Document Type


Date of Award

Spring 5-31-2012

Degree Name

Doctor of Philosophy in Computing Sciences - (Ph.D.)


Computer Science

First Advisor

Yehoshua Perl

Second Advisor

Michael Halper

Third Advisor

James Geller

Fourth Advisor

Narain Gehani

Fifth Advisor

Kent A. Spackman

Sixth Advisor

Gai Elhanan


SNOMED is one of the leading healthcare terminologies being used worldwide. Due to its sheer volume and continuing expansion, it is inevitable that errors will make their way into SNOMED. Thus, quality assurance is an important part of its maintenance cycle.

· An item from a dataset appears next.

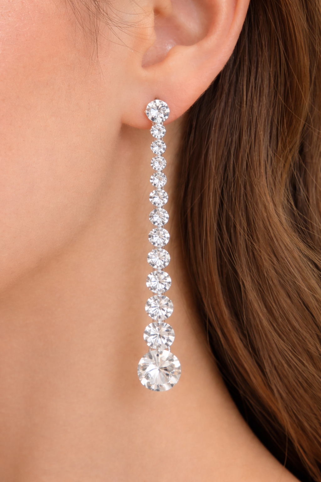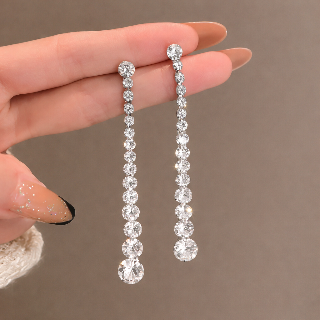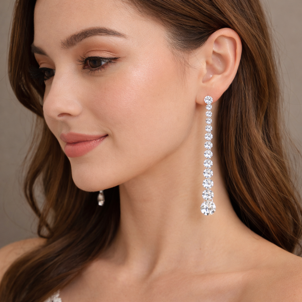 These elegant Crystal Cascade Drop Earrings feature a sleek vertical design adorned with brilliantly cut clear crystals that gradually increase in size towards the bottom. The refined silver-tone setting enhances the sparkle of each stone, creating a graceful and luxurious cascading effect.

A structural approach is presented in this dissertation, aiming at developing automated techniques that can aid auditors in the discovery of terminology errors more effectively and efficiently. Large SNOMED hierarchies are partitioned, based primarily on their relationships patterns, into concept groups of more manageable sizes. Three related abstraction networks with respect to a SNOMED hierarchy, namely the area taxonomy, partial-area taxonomy, and disjoint partial-area taxonomy, are derived programmatically from the partitions. Altogether they afford high-level abstraction views of the underlying hierarchy, each with different granularity. The area taxonomy gives a global structural view of a SNOMED hierarchy, while the partial-area taxonomy focuses more on the semantic uniformity and hierarchical proximity of concepts. The disjoint partial-area taxonomy is devised as an enhancement of the partial-area taxonomy and is based on the partition of the entire collection of so-called overlapping concepts into singly-rooted groups.

The taxonomies are exploited as the basis for a number of systematic auditing regimens, with a theme that complex concepts are more error-prone and require special attention in auditing activities. In general, group-based auditing is promoted to achieve a more efficient review within semantically uniform groups. Certain concept groups in the different taxonomies are deemed “complex” according to various criteria and thus deserve focused auditing. Examples of these include strict inheritance regions in the partial-area taxonomy and overlapping partial-areas in the disjoint partial-area taxonomy.

Multiple hypotheses are formulated to characterize the error distributions and ratios with respect to different concept groups presented by the taxonomies, and thus further establish their efficacy as vehicles for auditing. The methodologies are demonstrated using SNOMED’s Specimen hierarchy as the test bed. Auditing results are reported and analyzed to assess the hypotheses. With the use of the double bootstrap and Fisher’s exact test (two-tailed), the aforementioned hypotheses are confirmed. Auditing on various complex concept groups based on the taxonomies is shown to yield a statistically significant higher proportion of errors.